A porous silica sphere with desirable qualities can be obtained only when the appropriate temperature of the heat treatment and the average speed to elevate the temperature are controlled within the given ranges. If the average speed of elevating the temperature is over 90° C. per minute, it causes a sharp expansion of the moisture inside the subtle pores which brings about the destruction of the porous silica gel, resulting in a failure to form sufficient pores, ultimately causing a failure to form sufficient qualified porous silica spheres. Accordingly, the regulation of the average speed of elevating the temperature plays an important role in fabricating a porous silica sphere. If the average speed of elevating the temperature is lower than 90° C. per minute, the amount of destroyed pieces of silica gel gradually decreases. In general, 80° C. per minute is desirable, and 10° C. per minute to 70° C. per minute is most preferred.

If the temperature of the heat treatment is over 1200° C., silica gel can form some pores during the process, but eventually over-foams due to the extreme elevation of the temperature, which weakens the mechanical strength of a porous silica sphere with extremely-expanded pores, or which also decreases and shrinks the already-foamed pores with the escalation of density and results in lessened heat insulation. If the temperature of the heat treatment is under 1050° C., silica gel cannot form sufficient pores, and the fabricated sphere does not provide satisfactory heat insulation.

The porous silica sphere fabricated through the manufacturing process of the present invention has better heat-insulation than the other porous silica spheres fabricated through other manufacturing processes, because each interior sphere forms ample pores with better isolation from the outside.

According to an advantageous first example of the present invention, a porous silica sphere can be obtained if it is subsequently treated with heat at 1050 to 1200° C. after silica gel is firstly treated with heat at 400 to 900° C. In the process, the speed of temperature elevation is inconsequential since silica gel is not destroyed due to the appropriate removal of the moisture in the silica gel through the first heat treatment even when it is treated with heat at 1050 to 1200° C. after the first heat treatment.

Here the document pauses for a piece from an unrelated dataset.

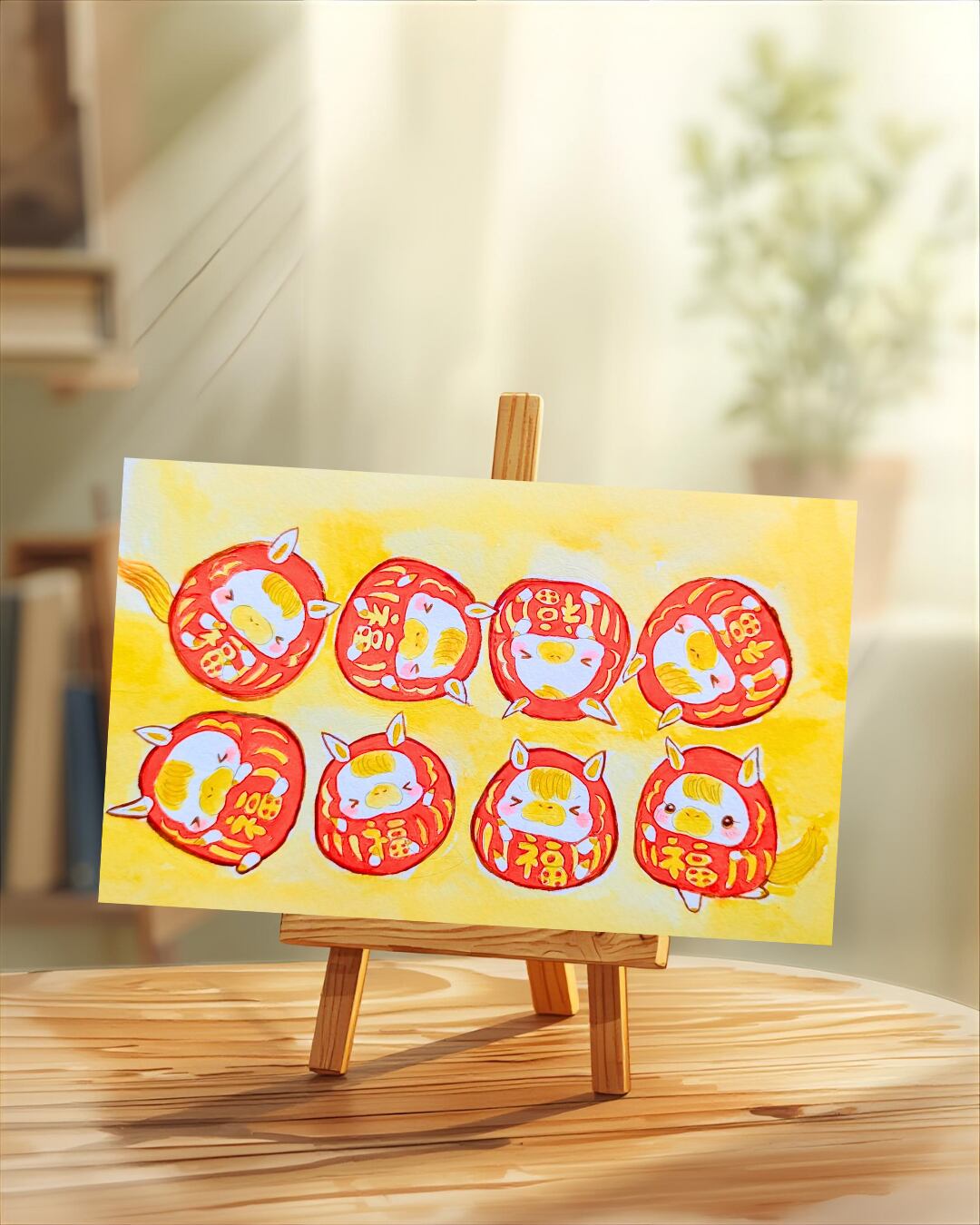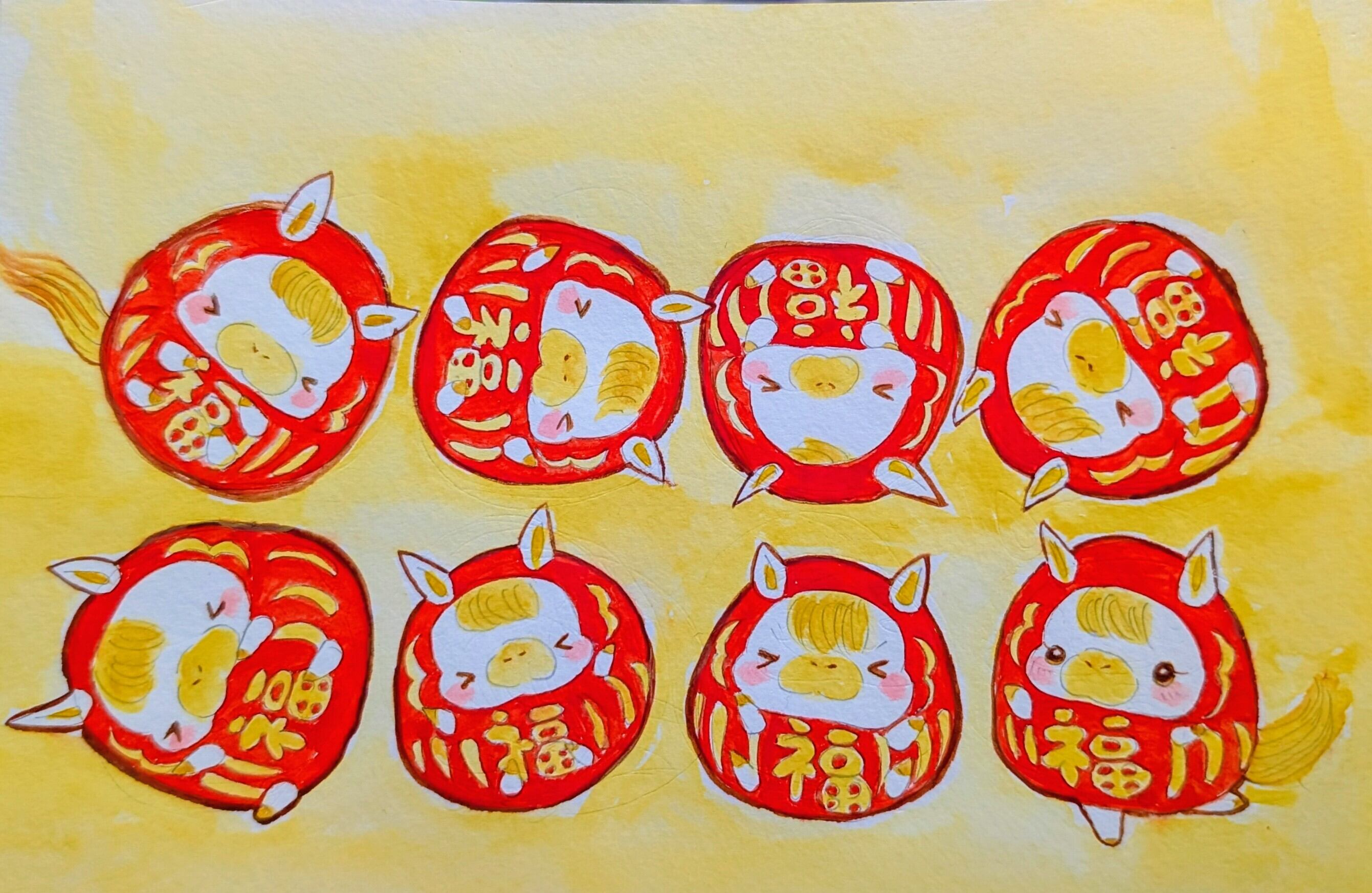 七転び八起きする午だるまちゃんを描いた作品です

Silica gel quickly emits a great deal of moisture from the normal temperature to about 400° C., and then emits moisture gradually as it approaches 900° C. resulting in that it weighs less. As the temperature increases, silica gel can be destroyed due to the sharp expansion of the moisture inside it. Therefore, if the moisture in the silica gel is removed in the first heat treatment within the above temperature range, and then the second heat treatment is directly performed to the firstly heat-treated silica gel at 1050 to 1200° C., a porous silica sphere with evenly developed pores can be obtained, and it is not destroyed. That is to say, the two stages of heat treatments are necessary to produce an even porous silica sphere efficiently.

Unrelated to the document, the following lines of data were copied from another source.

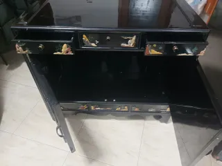 Elegante mesita auxiliar con un diseño oriental y detalladas incrustaciones. - Acabado principal en negro brillante. - Decoración con motivos de paisajes y figuras. - Materiales de piedra y madera.
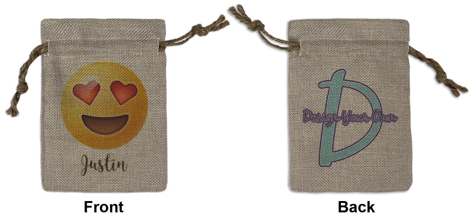 We sell our Burlap Gift Bags in 3 variant sized bags. Made with burlap polyester, each personalized bag can be secured with a twine drawstring pull. Your custom design is available to print on one side or both sides - completely up to you! The sizes of the bags measure approximately 4.5" x 6.5" for the smallest size, 6.5" x 8.0" for the medium size, and 6.5" x 13.5" for the large-sized bag.
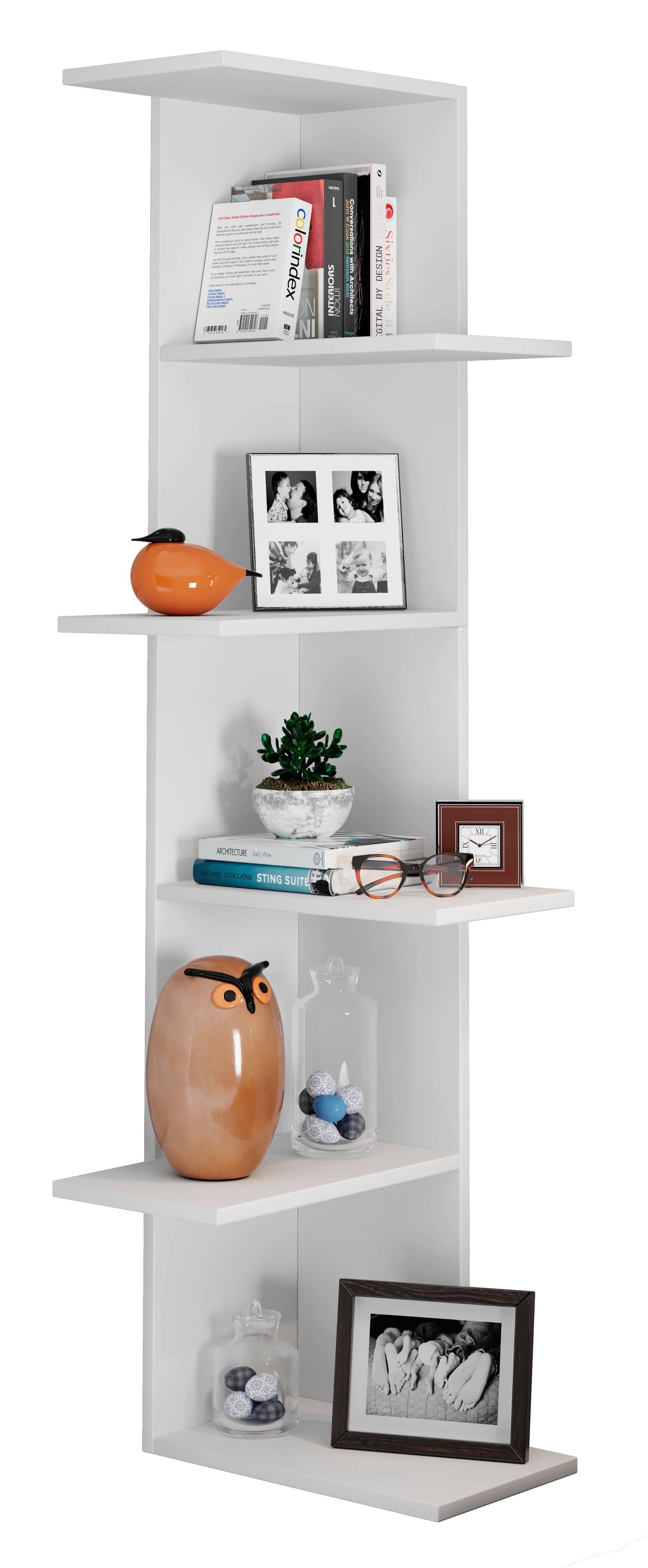 Hjørnehylden tilbyder tilstrækkelig opbevaringsplads med 5 rum. Der medfølger montagemateriale til at montere hylden på gulvet eller alternativt på væggen, alt efter dine personlige behov.

According to an advantageous second example of the present invention, an evenly developed silica sphere can be fabricated by using both a rotary furnace and heat treatment. The silica sphere fabricated through this process also has uniform pore structure.

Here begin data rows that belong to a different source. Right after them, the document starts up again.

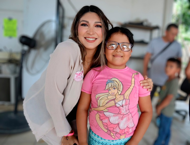 De manera personal, Sol Delgado Moreno proporcionó un par de lentes a la niña Jimena, vecina de la colonia Vista Hermosa, en San José del Cabo, a quien en días pasados le habían realizado el examen de la vista gratuito, posteriormente se elaboró la graduación indicada y hoy los recibió de manos de la presidenta honoraria del SMDIF Los Cabos.
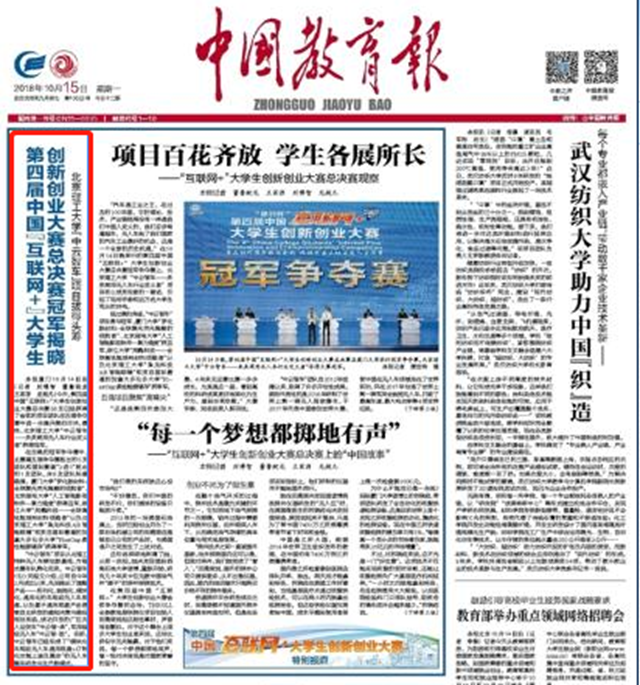【中国教育报】第四届中国“互联网+”大学生创新创业大赛总决赛冠军揭晓
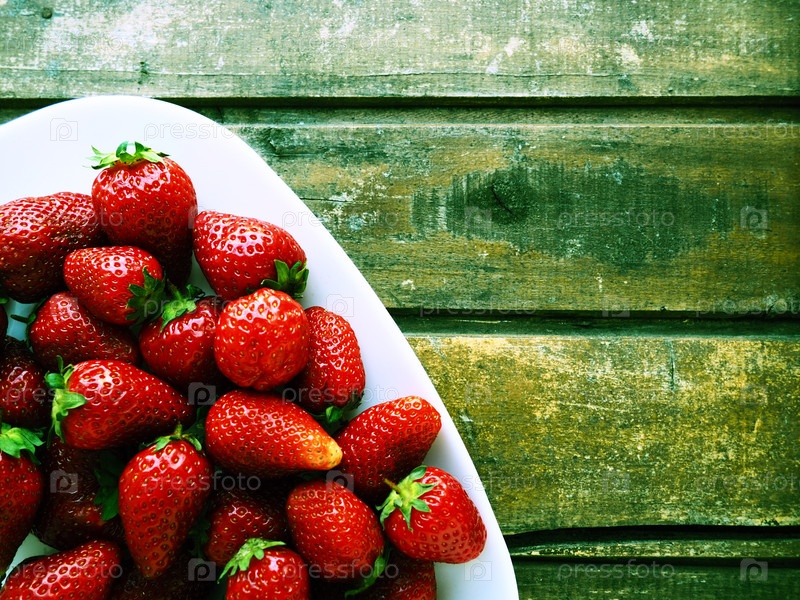 Клубника на тарелке, деревянном фоне. Белая посуда и вкуснейшая красная крупная садовая клубника. Здоровое питание, витамины и вегетарианская диета. Натюрморт с едой. Копирование пространства. Плоская планировка
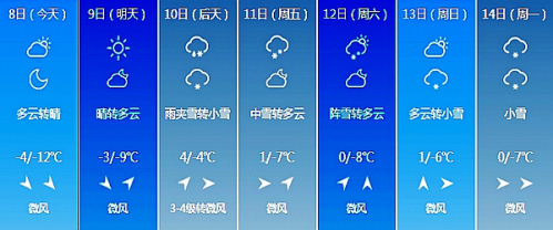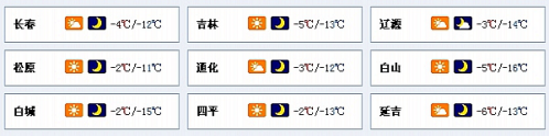 今天白天四平地区最高气温为-1度左右,其它地区为-5~-2度;今天夜间我省大部分地区最低气温为-15~-11度,长春市今天白天最高气温:-4度,今天夜间最低气温:-12度。
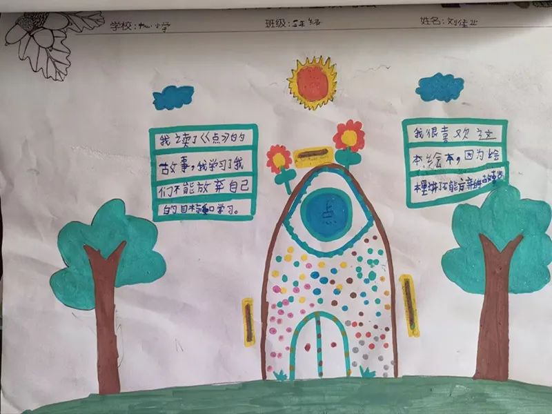 每一节橡果课堂上,随着故事情节的发展都有暂停环节,在这一两分钟的暂停环节,我会结合孩子们的生活实际以及平时遇到的问题让他们去思考,去表达,把自己融进故事,让故事的寓意为自己所用。孩子通过学习建立自己独特的观点,即使是一两句话的发言,我也会给予孩子们及时的鼓励和肯定。当然他们也会用自己的方式来填补语言空缺的地方,那就是“读写绘”,每堂课结束后孩子们都会用画笔来表达,描述他们的所思所想,所感所悟,或一首小诗,或一朵小花,或一片绿地,或一行简单的话语,我想无论哪一种方式,只要是在表达,就证明我们的阅读是有意义、有效果的,也说明阅读在孩子们心中有着美好的地位,这应该就是橡果课堂最好的魅力!

In the prior art, fabrication time is high and the amount of fabrication is limited because there are generally some limits with respect to temperature control, and it is necessary to wait until the furnace is cooled even though an electrical furnace with the capability of quick heating such that subsequent materials can be added to the process is used. The silica gel at or near the surface of the pile of the silica gel in the furnace is relatively well exposed to the heat and also has well-developed pores, but the silica gel inside is relatively less exposed to the heat and has uneven pores even if exposed to the same amount of time and heat. The present invention uses a rotary furnace, through which silica gel runs for heat treatment, as a new method to efficiently produce an even porous silica sphere. The method of the present invention is an improvement over the conventional method in which the silica spheres tend to stick to one another as the time and temperature increase, since the silica gel is heat treated without any rolling in the heat-resistant container.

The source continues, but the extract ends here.